Hiç son bulmayacak bir ömür sürmenin gayretlerinde, varlığımızın son nokta konduğunda tükenecek ve ortadan kalkacak enerjisi ile maddi formunun unutkanlıklarını yaşıyoruz.

 İhtiyarlık dönemi yorgunluk ve tükenmişliğin mola ve dinlenme ihtiyacı his ettiği yaş kategorisini insanın önüne koyduğunda, pişmanlıkların kendini gösterdiği asıl yakarışlar başlar.

Hayata gözlerin açılması ile birlikte insanoğlu, dünyanın çevresel etmenlerine meydan okumanın henüz farkında olmasa da ilerleyen yaşlarda umarsızca ve sınırsız tatmin edilmesi gereken ihtiyaçlarıyla arayışların doruk noktalarını hissedip yaşamaya başlar.

Hayat ve yaşam koşulları insan için kurulu bir düzendir ve insan bu kurulu düzeni kendisi için var olması gereken bir ortam olarak görür.

Tüm donanımlarıyla ve var olan tüm yaşam imkânlarıyla hayat insan merkezli bir döngüye sahiptir.

İnsan bu döngünün merkezinde, yaşam evrelerinin doğum ile ölüm arası zaman ve mekân birlikteliğini sürdürme amacını gerçekleştirmek durumundadır.

Yaşam süreci değişik evrelerden meydana gelerek insanın gelişim dönemlerine bağlı olarak farklı bedensel-zihinsel aşamalar oluşturur.

Hızla büyüyen bedensel yapı ve organik sistem ile insan, olgunlaşma ve gelişmenin hızla arttığı bir sosyalleşme dönemi içerisinde de yer almaktadır.

İhtiyarlık döneminin kaçınılmaz sonu ve yaşlılığın bedensel, zihinsel yetersizliğinde etrafa umarsız bakışlarla bakmanın hazin sonu her insanın mutlak kaderi…

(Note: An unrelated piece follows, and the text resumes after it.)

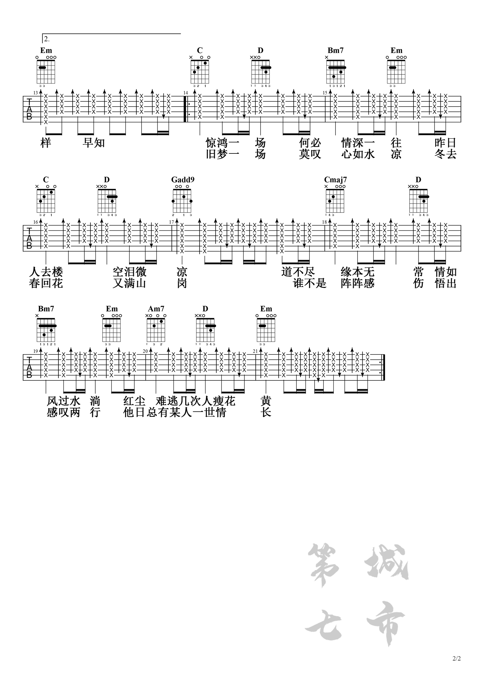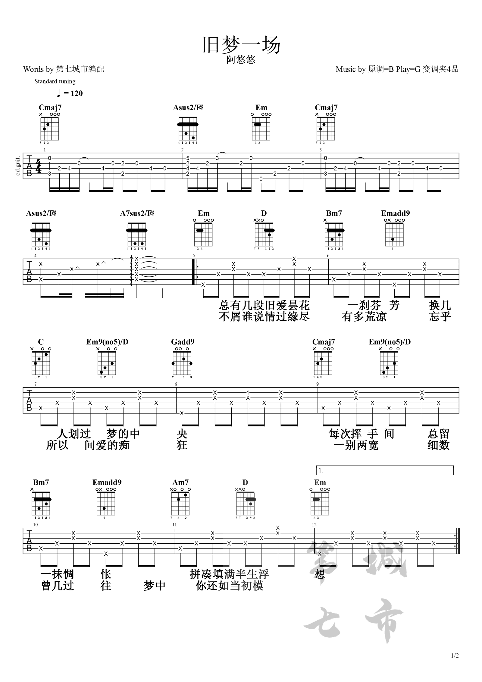 曲谱介绍: 《旧梦一场》,阿悠悠的一首热门网络歌曲,旧梦一场六线谱,原调B选调G,变调夹夹第四品。第七城市编配出品,琴谱网网更新上传。
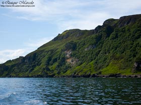 Habíamos elegido este día, porque mirando la previsión del tiempo vimos que iba a hacer bueno, por lo tanto dormimos en Portree y según lo previsto amaneció un espectacular día sin una nube y una luz sin igual. Portree tiene un bonito puerto pesquero con casas a lo largo del muelle de diferentes colores en el cual, te ofertan viajes para ir a ver Pigargo europeo (Haliaeetus albicilla). Nosotros elegimos una empresa llamada MV Stardust. A las 10:00 horas contratamos nuestra salida en el bote para hacer un recorrido circular por la bahía y mostrarnos un nido de Pigargo que tenía dos pollos. Salimos del puerto tres barcos de diferentes empresas para ir a ver a la gran rapaz, aunque antes hicimos una breve parada para observar un Colimbo chico (Gavia stellata) que no paraba de zambullirse bastante cerca, también vimos Cormorán grande (Phalacrocorax carbo) , Gaviota argéntea europea (Larus argentatus) , Gavión atlántico (Larus marinus), y un simpático grupo de Delfín común (Delphinus delphis) que desde lejos se acercaron al barco y nadaron durante un buen rato a nuestro lado haciéndonos pasar un bonito momento. Al llegar al risco donde se encontraba el Pigargo, no tardamos en descubrirlos, aunque estaban muy lejos, estaba uno de los adultos sobre una enorme roca y el otro adulto junto al nido. La técnica que empleaban los operarios de los botes era llamarles lanzándoles pescado cerca del barco, pero por más que los llamaron, éstos no quisieron bajar a por la comida y sólamente nos conformamos con verlos de lejos. Nuestro bote fue el primero que salió de regreso hacia el puerto y pudimos observar cuando estábamos ya bastante alejados, como uno de los Pigargos se lanzó desde su posadero, dio una pasada a muy pocos metros de unos de los otros barcos que allí se quedaron y volvió de nuevo a la roca. Pude hacerle unas cuantas tomas pero realmente estaba muy lejos. Ya en el puerto comimos de nuevo "fish and chips" y nos dirigimos al Suroeste de la isla, concretamente a un pueblo llamado Elgol, porque sabíamos que había un barco que te llevaba a la isla de Canna, y allí te desembarcaba por el espacio de una hora y era una buena oportunidad para ver en la travesía ballenas, además en la misma isla había una inmensa colonia de aves marinas, entre ellos Frailecillo atlántico (Fratercula arctica) , pero desestimamos la opción porque los botes salían al día siguiente y no queríamos esperar, con lo cual , y ya por la tarde, decidimos salir de Skye y dirigirnos hacia el sur, concretamente a la península de Ardnamurchan. En el camino paramos cerca de un puente donde el mar entraba y estaba con la marea baja, no recuerdo exactamente donde fue, el caso es que vimos bastantes limícolas, Archibebe claro (Tringa nebularia), Archibebe común (Tringa totanus) , Zarapito real (Numenius arquata) , Ostrero euroasiático (Haematopus ostralegus), etc., además de Ánade azulón (Anas platyrhynchos), Gaviota argéntea europea (Larus argentatus), Gaviota cana (Larus canus), Corneja cenicienta (Corvus cornix) y Lavandera blanca Sp. yarrelii (Motacilla alba yarrelii), entre otros. También muy cerca del pueblo donde dormimos, llamado Salen, ya en la misma península de Ardnamurchan, vimos a placer durante unos segundos, una preciosa Marta (Martes martes) en la carretera que se apartó de un par de saltos del asfalto, una pasada. |

Gençlik ve olgunluk döneminin hızlı ve heyecanlı dalgalarında sarf edilen bir ömrün sakin limanında, değer verilmeyi bekleyen bir çift gözün sahip olduğu beklentilerin karşılıksız cevaplarında yaşanan yıkım halleri!         

Yaşlılık ve bedensel çöküşün zihinsel geri dönüşümle harmanlandığı ve artık dünyaya bağlılığın zayıflamaya başladığı bir evre, kendini umarsızca hissettirmeye başlar.

İhtiyarlık dönemi, ölüme giden yolun son durağı olarak olgunluğun uç noktalara ulaştığı yaşamın sakin limanıdır.

Hayat tecrübelerinin ve hataların muhakemesinin, hatta “Keşke” lerin çokça dillendirildiği bu dönemde, insanların beklenti adına daha önce aklına bile getirmeyi düşünmediği yakarışların sarsıcı bakışlarıyla etrafa yöneldiği bir evre önümüze serilmektedir.

Saygının ve hatırı sorulmanın beklentisiyle, gençlik dönemlerinde gösterilmeyen davranışlar etraftaki insanlardan beklenir bir hal alır.

Yaşlılığın verdiği yorgunluk ve yaşanan tecrübelerin kişiye kattığı bilge hali ile önemli biri olma psikolojisinin kendini gösterdiği bilinen bir durum.